--- WHAT THE TASK REQUIRES ---
Without reproducing any picture, copy the records word for word.

--- ENTRIES SUPPLIED ---
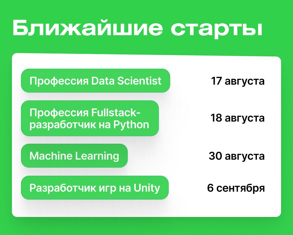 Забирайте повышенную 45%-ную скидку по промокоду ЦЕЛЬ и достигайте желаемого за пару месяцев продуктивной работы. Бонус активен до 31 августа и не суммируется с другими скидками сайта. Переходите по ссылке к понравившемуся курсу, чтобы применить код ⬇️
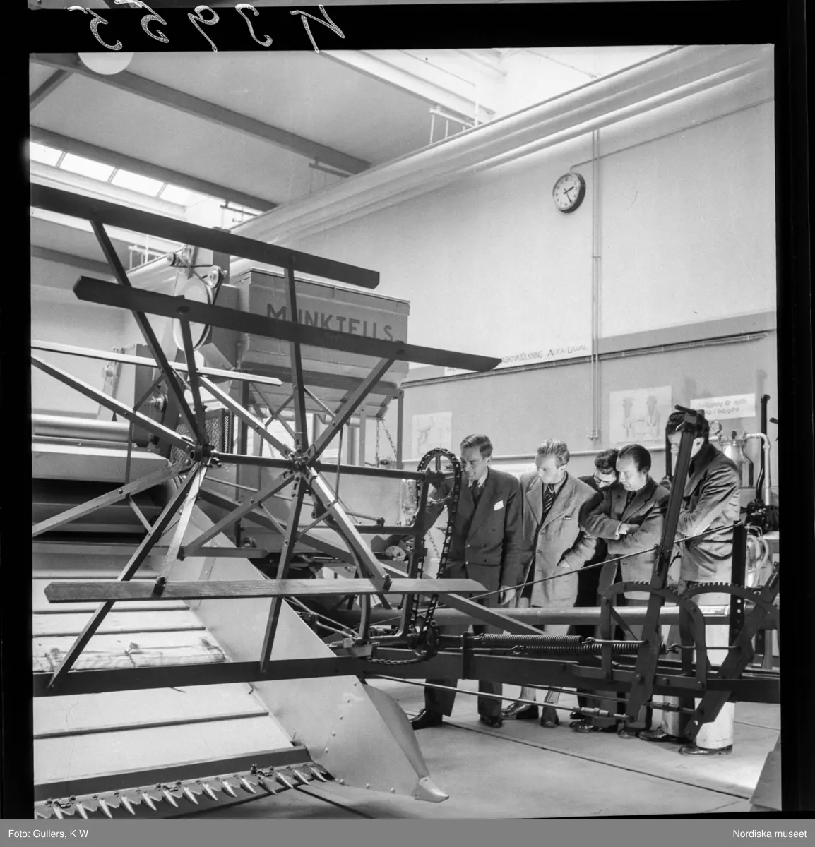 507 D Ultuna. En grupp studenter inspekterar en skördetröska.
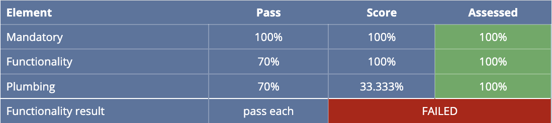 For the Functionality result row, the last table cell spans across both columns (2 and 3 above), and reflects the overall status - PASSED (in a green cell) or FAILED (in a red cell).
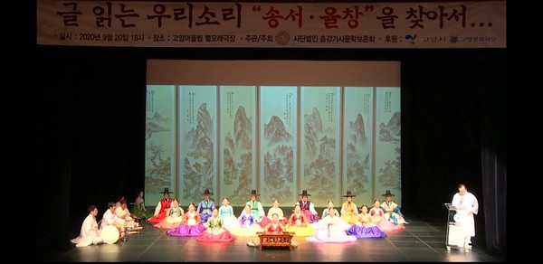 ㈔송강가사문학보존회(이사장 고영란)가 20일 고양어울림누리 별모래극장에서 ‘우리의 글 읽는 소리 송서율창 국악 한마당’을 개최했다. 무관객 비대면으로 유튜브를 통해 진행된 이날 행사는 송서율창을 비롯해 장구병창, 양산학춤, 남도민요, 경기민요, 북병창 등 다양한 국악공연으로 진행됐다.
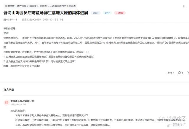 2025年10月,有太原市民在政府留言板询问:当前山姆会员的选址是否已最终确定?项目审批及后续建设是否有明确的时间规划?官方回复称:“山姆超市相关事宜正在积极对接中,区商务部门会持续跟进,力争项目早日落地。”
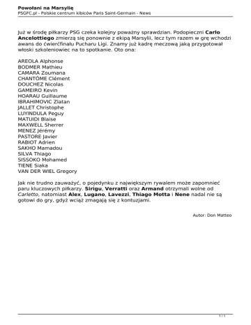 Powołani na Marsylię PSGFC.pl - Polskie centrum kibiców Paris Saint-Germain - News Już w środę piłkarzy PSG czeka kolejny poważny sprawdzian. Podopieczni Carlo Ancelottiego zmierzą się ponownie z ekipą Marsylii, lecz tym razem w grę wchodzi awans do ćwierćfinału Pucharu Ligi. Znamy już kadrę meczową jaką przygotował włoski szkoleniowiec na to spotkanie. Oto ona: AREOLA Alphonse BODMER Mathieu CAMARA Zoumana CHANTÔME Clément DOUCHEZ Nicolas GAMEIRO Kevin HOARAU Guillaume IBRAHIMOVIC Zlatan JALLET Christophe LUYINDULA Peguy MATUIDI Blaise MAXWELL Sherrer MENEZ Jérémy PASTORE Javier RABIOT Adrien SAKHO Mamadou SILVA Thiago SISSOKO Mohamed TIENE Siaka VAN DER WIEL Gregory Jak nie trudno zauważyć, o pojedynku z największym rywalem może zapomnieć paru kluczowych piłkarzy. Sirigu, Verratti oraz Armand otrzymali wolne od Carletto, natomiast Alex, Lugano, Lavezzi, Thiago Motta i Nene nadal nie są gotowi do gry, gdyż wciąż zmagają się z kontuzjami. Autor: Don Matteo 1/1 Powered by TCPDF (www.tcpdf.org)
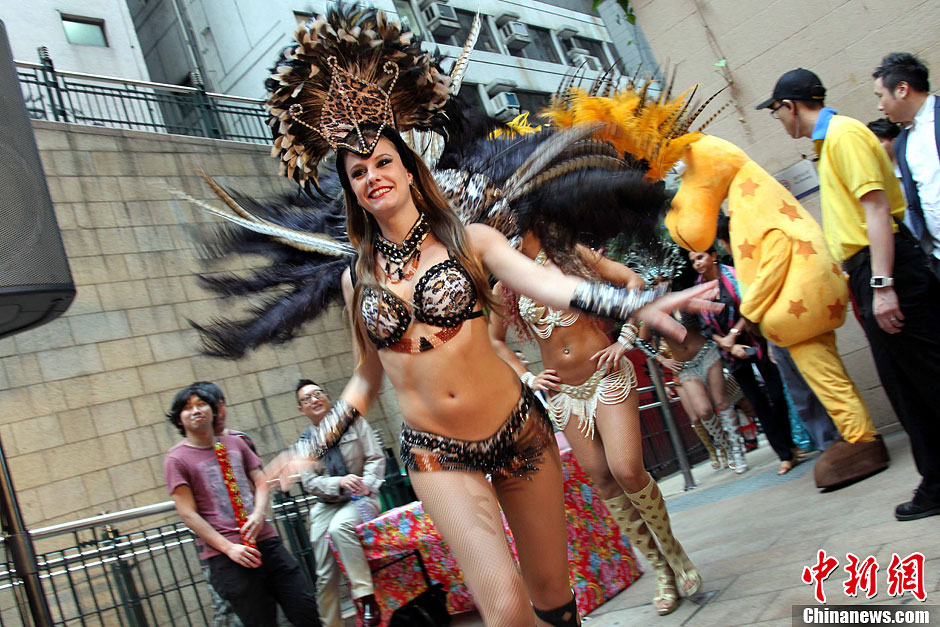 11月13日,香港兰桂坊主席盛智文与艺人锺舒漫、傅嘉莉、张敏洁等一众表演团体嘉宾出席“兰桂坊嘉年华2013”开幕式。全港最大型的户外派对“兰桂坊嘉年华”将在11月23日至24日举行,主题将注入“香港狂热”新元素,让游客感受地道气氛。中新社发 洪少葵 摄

--- ANSWER TO THIS TASK ---
 Забирайте повышенную 45%-ную скидку по промокоду ЦЕЛЬ и достигайте желаемого за пару месяцев продуктивной работы. Бонус активен до 31 августа и не суммируется с другими скидками сайта. Переходите по ссылке к понравившемуся курсу, чтобы применить код ⬇️
 507 D Ultuna. En grupp studenter inspekterar en skördetröska.
 For the Functionality result row, the last table cell spans across both columns (2 and 3 above), and reflects the overall status - PASSED (in a green cell) or FAILED (in a red cell).
 ㈔송강가사문학보존회(이사장 고영란)가 20일 고양어울림누리 별모래극장에서 ‘우리의 글 읽는 소리 송서율창 국악 한마당’을 개최했다. 무관객 비대면으로 유튜브를 통해 진행된 이날 행사는 송서율창을 비롯해 장구병창, 양산학춤, 남도민요, 경기민요, 북병창 등 다양한 국악공연으로 진행됐다.
 2025年10月,有太原市民在政府留言板询问:当前山姆会员的选址是否已最终确定?项目审批及后续建设是否有明确的时间规划?官方回复称:“山姆超市相关事宜正在积极对接中,区商务部门会持续跟进,力争项目早日落地。”
 Powołani na Marsylię PSGFC.pl - Polskie centrum kibiców Paris Saint-Germain - News Już w środę piłkarzy PSG czeka kolejny poważny sprawdzian. Podopieczni Carlo Ancelottiego zmierzą się ponownie z ekipą Marsylii, lecz tym razem w grę wchodzi awans do ćwierćfinału Pucharu Ligi. Znamy już kadrę meczową jaką przygotował włoski szkoleniowiec na to spotkanie. Oto ona: AREOLA Alphonse BODMER Mathieu CAMARA Zoumana CHANTÔME Clément DOUCHEZ Nicolas GAMEIRO Kevin HOARAU Guillaume IBRAHIMOVIC Zlatan JALLET Christophe LUYINDULA Peguy MATUIDI Blaise MAXWELL Sherrer MENEZ Jérémy PASTORE Javier RABIOT Adrien SAKHO Mamadou SILVA Thiago SISSOKO Mohamed TIENE Siaka VAN DER WIEL Gregory Jak nie trudno zauważyć, o pojedynku z największym rywalem może zapomnieć paru kluczowych piłkarzy. Sirigu, Verratti oraz Armand otrzymali wolne od Carletto, natomiast Alex, Lugano, Lavezzi, Thiago Motta i Nene nadal nie są gotowi do gry, gdyż wciąż zmagają się z kontuzjami. Autor: Don Matteo 1/1 Powered by TCPDF (www.tcpdf.org)
 11月13日,香港兰桂坊主席盛智文与艺人锺舒漫、傅嘉莉、张敏洁等一众表演团体嘉宾出席“兰桂坊嘉年华2013”开幕式。全港最大型的户外派对“兰桂坊嘉年华”将在11月23日至24日举行,主题将注入“香港狂热”新元素,让游客感受地道气氛。中新社发 洪少葵 摄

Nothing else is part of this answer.